A collection will be taken during the service to support the Methodist Church's children's charity, Action For Children.





In 2011 we had a tableau of the Christmas story during the service. A stable scene had been created to make the story more realistic, with palms, a star and a crib.

We had two readers and a group of actors of all ages acting out the story. They were volunteers from the church members and friends of the church.

The angel appeared to the shepherds announcing the birth of the baby Jesuus.

The shepherds then went into Bethlehem to look for the the child.

The wise menWe also had a guest appearance of a camel, which came with the three wise men.

Here he is waiting quietly whilst his masters offer their gifts of gold, frankincense and myrrh and worship the new born King.

Thank you for all those who took part and made the service so interesting.

The collection during the service raised over £200 for Action For Children.


What does the Christingle mean?

The Christingle itself is made up of

  • four cocktail sticks bearing dried fruit or sweets - to signify the four seasons and the fruits of the earth and God's good gifts
  • a red ribbon (or tape) - indicating the blood/ love of Christ
  • an orange - representing the world
  • a lighted candle - symbolising Jesus, the Light of the World










The Christingle Story

No one knows for certain when the word "Christingle" was first used or from what it derived, but wherever the Moravians went in the great outreach of missionary evangelism in the 18th and 19th centuries they took with them the custom of the Christingle. The symbolism gradually developed and today in the Moravian Church in Britain, the Christingle consists of an orange representing the World, with the candle inserted in the centre and lit to represent Christ the Light of the World. The candle used to be held on a goose quill, part of which was split into fronds, on which were impaled nuts, fruits, raisins and sweets. These stood for the created order over which Christ is King, and for the fruits of the earth and the benefits that come to our lives through God's bounty and goodness. Since goose quills are not so readily available, today we use cocktail sticks on which to impale the fruit. The wood still being part of God's created order. The red ribbon forms a circle around the orange and reminds us of Christ's Passion, through which our redemption has come.
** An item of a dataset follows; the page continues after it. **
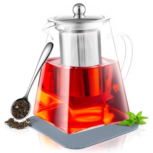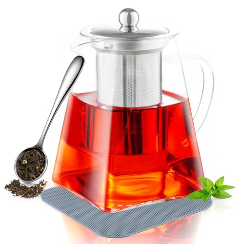 Glass Teapot with Infuser and Lid - 40Oz Borosilicate Glass Teapot with Heat-Res
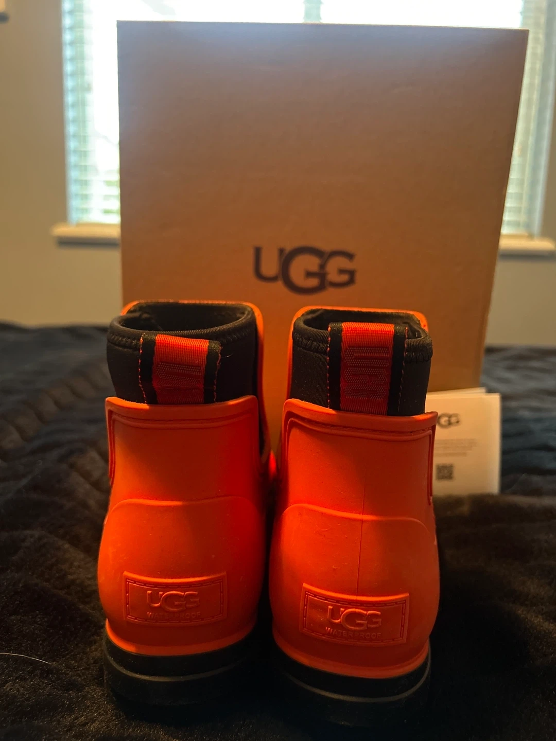 Selling a pair of UGG Drizlita rain boots in a vibrant orange colour! These are a women's size 8 and come with the original box. Perfect for keeping your feet dry and stylish on rainy days

The Christingle Service is usually held on the Christmas Eve at Banner Cross Methodist Church, and is a Children's Celebration in which we place the child in the midst of all we do, just as the Christ - Child is the centre of all our lives. At the climax of the service, each child receives a lighted Christingle and in the magical moment of the darkened Church, the visual symbol tells the truth of the Christmas story, - that in the darkness of the world there has shined a great light. In the darkness, with the lighted Christingle the Children sing the "Away in a manger".

The Moravian Church established Christingle in 1747 as a powerful and moving symbol of Christ’s light and his love for all people. The Children’s Society introduced it to the Church of England in 1968 and it is now a popular, much-loved family event in many other churches.